This will stop the gear from being loose on the shaft and spinning. NOTE, make sure the gear and bb are flat. If not, the concave hole will be off and the shaft will no longer be at 90 degrees to the gear. With the JL/AW gears, use light pressure. To much and you will split the gear, I have done this.

Second, just like the rear holes, drill the arm shaft with the top plate on. This will also create a parallel shaft. Use a .062 drill bit.


Hope this helps.

www.voxxer.com

Voxxer


----------



## slotnewbie69 (Dec 3, 2008)

thanks for all the tips guys.my corvette gs is in need of this,even though the ansens i put on helped alot,it spins out too much with the 14 tooth pinion.


----------



## Bill Hall (Jan 6, 2007)

*One direction!*



slotcarman12078 said:


> 1/16th drill bit. I haven't had much luck shaving sideways with a pin vise Bill. I got careless with the speed up to high. (I have a plug in model dremel, which has like 10 speeds) There is a helpful hint up there too that needs to be repeated. Drill both the top plate and the chassis base together. This will help the holes for the pinion shaft line up better. Oh, and also make sure you drill as close to perpendicular (90 degrees) to the chassis as possible!!

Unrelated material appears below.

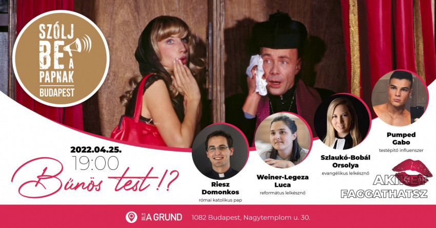 A kérdésekre Pumped Gabo testépítő influenszer, Riesz Domonkos római katolikus pap, Szlaukó-Bobál Orsolya evangélikus lelkésznő és Weiner-Legeza Luca református lelkésznő válaszolnak majd. A beszélgetés moderátora Zila Gábor, a Református Közéleti és Kulturális Alapítvány ügyvezetője lesz.

Just push it straight through as though you were filing or hacksawing. If the bit is in good shape the flutes will take care of it for you. I guess I fergot to tell ya that part ...sorry ...my bad.


----------



## T-Jet Racer (Nov 16, 2006)

Sweet!


----------



## joegri (Feb 13, 2008)

hey gang i started this mod last nite.after putting power to the assembly i found that the driven gear migrates upward lessening contact with the crown gear. my question is . should i fill in the void on the shaft with some type of spacer? to stop the migration?also my gear pressing skills stink they seem to be a bit crookey. is there a process that makes the gears lay perfectly flat and true?think i,ll tear it down and start again.


----------



## slotcarman12078 (Oct 3, 2008)

Check your alignment of the pinion gear to the crown gear. You might need to snug the pinion up a little. Also, you might need to make sure your chassis pinion shaft hole is opened up enough. Tear it apart again, and put the pinion shaft (with the pinion gear on it in the chassis. If it is binding, the hole needs to be opened up a little more. If it's too tight, when the top plate is on, the shaft will walk up and raise the driven gear up with it.


----------



## joegri (Feb 13, 2008)

thanx scm your last sentence makes sence driving up is what i got . let me go play and i,ll postbback findings


----------



## joegri (Feb 13, 2008)

hey slotcarman it,s commin to u if u want it i give uncle!!!!!!!


----------



## joegri (Feb 13, 2008)

just finished my conversion tonite . guess i had to put it down for a week and regroup.i installed a spacer between the 14 tooth drive gear and a brass tubing/ bushing in the chassis. it squared it up nice. now i have a good mesh. also used a plastic ideler gear seems to make it waaay smoother too.but the conversion is 1 to try.i enjoyed it and will try another 1 thanx for the inspireation slotcarman !!!


----------